The Mapping Suite SDK is a powerful software development kit designed to standardise and simplify the handling of mapping packages containing XML-to-RML (RDF Mapping Language) transformation rules and related components.

Key Features

Flexible Package Management

  • Load mapping packages from multiple sources

    • Local folders

    • ZIP archives

    • GitHub repositories

    • MongoDB databases

Comprehensive Serialisation

  • Convert mapping packages between file-based and object representations

  • Support for complex mapping package structures

  • Robust error handling and validation

Command Line Interface

  • Powerful CLI for common operations

  • Validation of mapping packages from archives, folders, and GitHub repositories

  • Options for including test data and output in validation

  • Verbose mode for detailed debugging information

Advanced Extraction

  • Flexible extractors for different package sources

  • Temporary and permanent extraction modes

  • Pattern-based package discovery

MongoDB Integration

  • Type-safe repository operations

  • CRUD functionality for mapping packages

  • Advanced querying capabilities

Observability

  • Built-in OpenTelemetry tracing

  • Performance monitoring

  • Detailed error tracking

In future

  • Validation service

  • Transformation capabilities

Quick Start

Installation

Using pip

pip install mapping-suite-sdk

Using Poetry

poetry add mapping-suite-sdk

Basic Usage

from pathlib import Path
import mapping_suite_sdk as mssdk

# Load a mapping package
package = mssdk.load_mapping_package_from_folder(
    mapping_package_folder_path=Path("/path/to/mapping/package")
)

# Serialise the package
mssdk.serialise_mapping_package(
    mapping_package=package,
    serialisation_folder_path=Path("/output/path")
)

Core Components

Adapters

  • Extractor: Handle package extraction from various sources

  • Loader: Load different components of mapping packages

  • Repository: Manage package storage and retrieval

  • Serialiser: Convert packages between formats

  • Tracer: Provide observability and performance monitoring

Services

  • Package loading from multiple sources

  • Package serialisation

  • Tracing and monitoring

Supported Mapping Package Components

  • Metadata

  • Conceptual mappings

  • Technical mapping suites

  • Vocabulary mapping suites

  • Test data suites

  • SPARQL validation suites

  • SHACL validation suites

Advanced Features

Custom Extraction

from mapping_suite_sdk.adapters.extractor import MappingPackageExtractorABC

class CustomPackageExtractor(MappingPackageExtractorABC):
    def extract(self, source, destination, **kwargs):
        # Implement custom extraction logic
        pass

    def extract_temporary(self, source, **kwargs):
        # Implement temporary extraction
        pass

Tracing and Monitoring

import mapping_suite_sdk as mssdk
from opentelemetry.sdk.trace.export import ConsoleSpanExporter

# Enable tracing
mssdk.set_mssdk_tracing(True)

# Add console exporter for trace details
console_exporter = ConsoleSpanExporter()
mssdk.add_span_processor_to_mssdk_tracer_provider(console_exporter)

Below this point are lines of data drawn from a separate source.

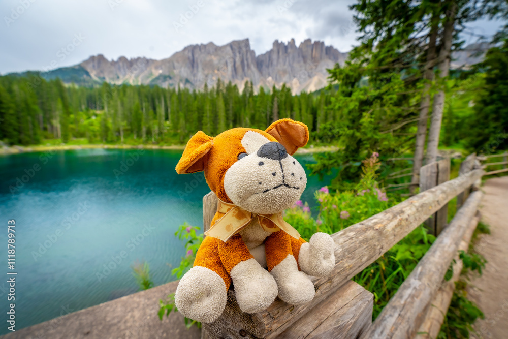 Plush dog enjoying the scenic view of lake carezza and the dolomites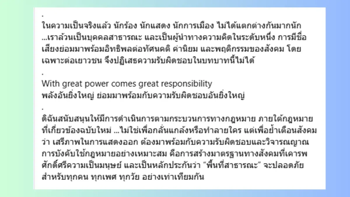 บทสรุปของเรื่องนี้ไม่ได้จบลงเพียงแค่คำขอโทษ แต่เป็นการเรียกร้องให้สังคมใช้กฎหมายฉบับใหม่ที่เกี่ยวข้องกับการคุกคามทางเพศมาเป็นบรรทัดฐานในการเอาผิด เพื่อสร้างมาตรฐานใหม่ว่าพื้นที่สาธารณะต้องปลอดภัยสำหรับทุกคน และเป็นการย้ำเตือนว่า "เสรีภาพในการพูด" ต้องเดินคู่ไปกับ "ความรับผิดชอบต่อสังคม" เสมอ เพื่อไม่ให้คำว่ารู้เท่าไม่ถึงการณ์ถูกนำมาใช้เป็นเกราะป้องกันความผิดซ้ำแล้วซ้ำเล่า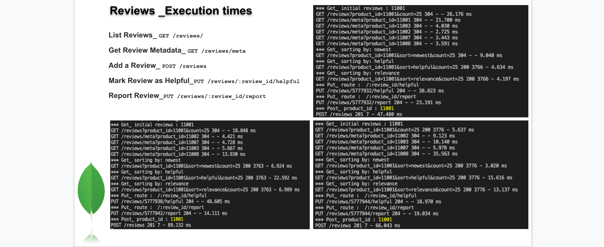 • Optimized mongoose queries utilizing indexing, and aggregation.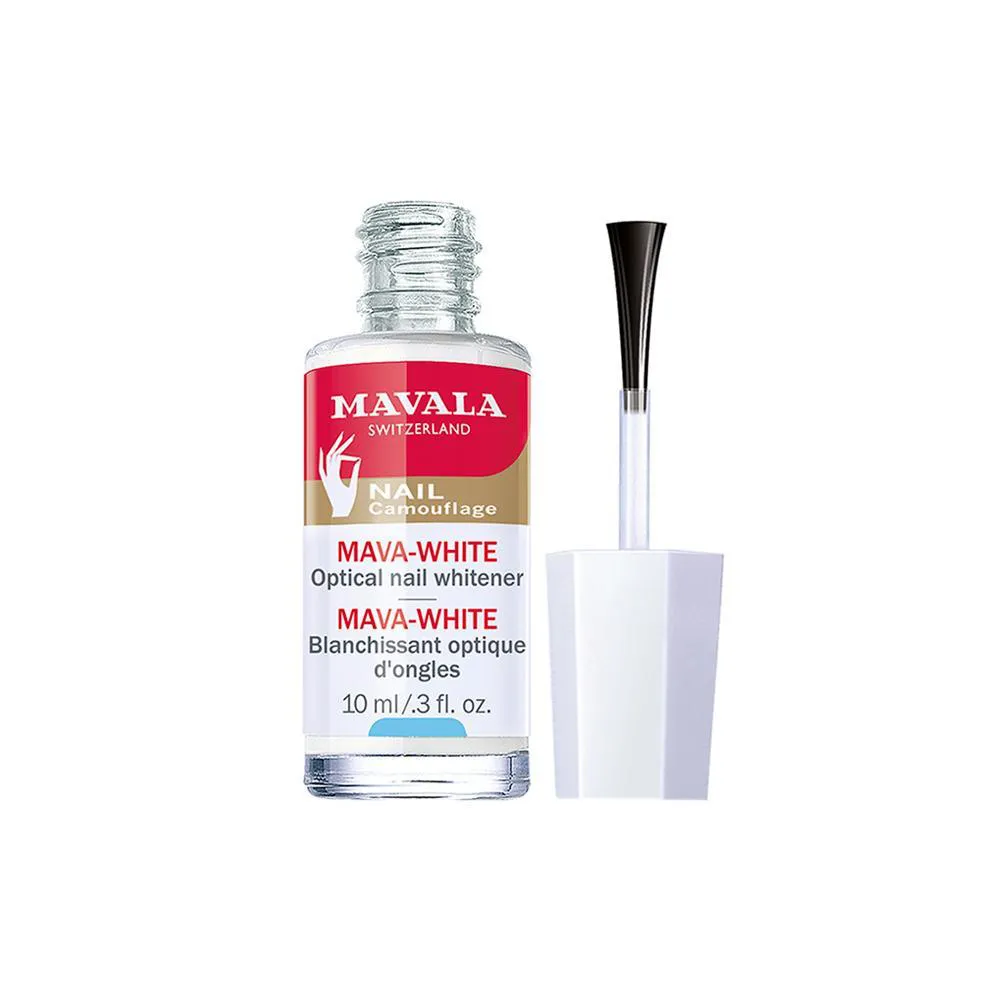 Clareador óptico Vários fatores externos (pigmentos de cores, nicotina, produtos de coloração capilar, etc) podem manchar ou amarelar as unhas. A fórmula inovadora de MAVA-WHITE esconde o amarelado e as manchas devolvendo um aspecto natural e saudável. É um clareador óptico que contém pigmentos que reagem à luz UV. * SUGESTÕES DE USO: 1.Para um efeito mais longo e brilhante, aplicar uma camada fina de Mava-White e um esmalte em seguida;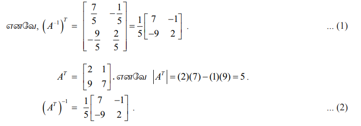 (1) மற்றும் (2)−லிருந்து கிடைப்பது, (A−1)T = (AT)−1. எனவே கொடுத்துள்ள பண்பு சரிபார்க்கப்பட்டது.

Performance and Scalability

  • Efficient package handling

  • Minimal resource overhead

  • Supports large mapping packages

  • Configurable tracing and monitoring

Contributing

Contributions are welcome! Please follow our contribution guidelines:

  1. Fork the repository

  2. Create your feature branch

  3. Commit your changes

  4. Push to the branch

  5. Create a Pull Request

License

Apache License 2.0